Her lips parted, but she couldn’t find anything to say. Her brain was spinning. Her heart twisting.

He kissed her forehead and lowered his head to the pillow, pulling her close and tucking her head beneath his chin. “Close your eyes, baby. Get some rest.”

Rachel lay against him, their fingers still twined, his other hand combing through her hair. She squeezed her eyes shut and let out a long breath of frustration. The first man she’d been seriously attracted to since Dante, and he could only commit to a relationship for a few weeks out of every year.

She had the worst damn luck with men.

Ryker waited as Charlie inspected the last cluster of blasting holes the crew had drilled into the bridge’s asphalt and scanned the safety perimeter again, looking for Rachel.
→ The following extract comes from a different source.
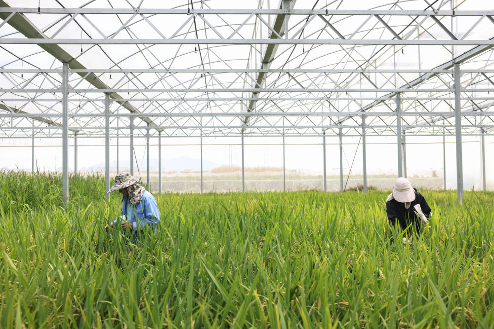 2025年3月21日,工作人员在海南三亚国家南繁科研育种基地收种。新华社记者 张丽芸 摄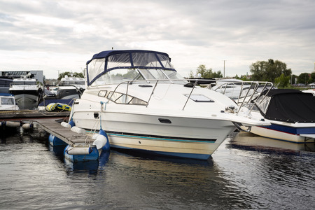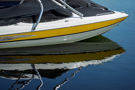 Detail of a small motor boat. Horizontal outdoor natural light shot

Everyone on the site was there, waiting for the final check, the all clear, the countdown.

But no Rachel.

He rested his hands at his hips and glanced down at Charlie, where his partner’s gloved hands checked every connection between the cylinders of RDX imbedded in the bridge’s roadway. Ryker would make the final check before they called it good, a double-tiered safety measure Marx had been pleased with—the first element of this whole fucking scene the guy hadn’t argued about.

He turned and looked toward Jax, positioned half a mile away on a wide flat spot on a hillside. Three Eurocopter Squirrels sat ready to lift off, cameras strapped to several different locations on each chopper. Marx stood nearby, arms crossed, watching Charlie and Ryker make their rounds. When he lifted binoculars to his eyes, Ryker flipped him the bird, then crossed his arms, and scanned the crowd again.

Still no Rachel.

The niggling sense of dread that had taken root the moment he’d left her cabin the night before after she’d finally fallen asleep deepened. He’d gone too far with his “what if.” He hadn’t heard from her all day, when he usually talked with her half a dozen times about job-related details. And she wasn’t the only one spooked by that little brain twist of his. Every time he pictured himself telling his men he was leaving them to go home to shack up with a chick, he felt sick with guilt. With failure.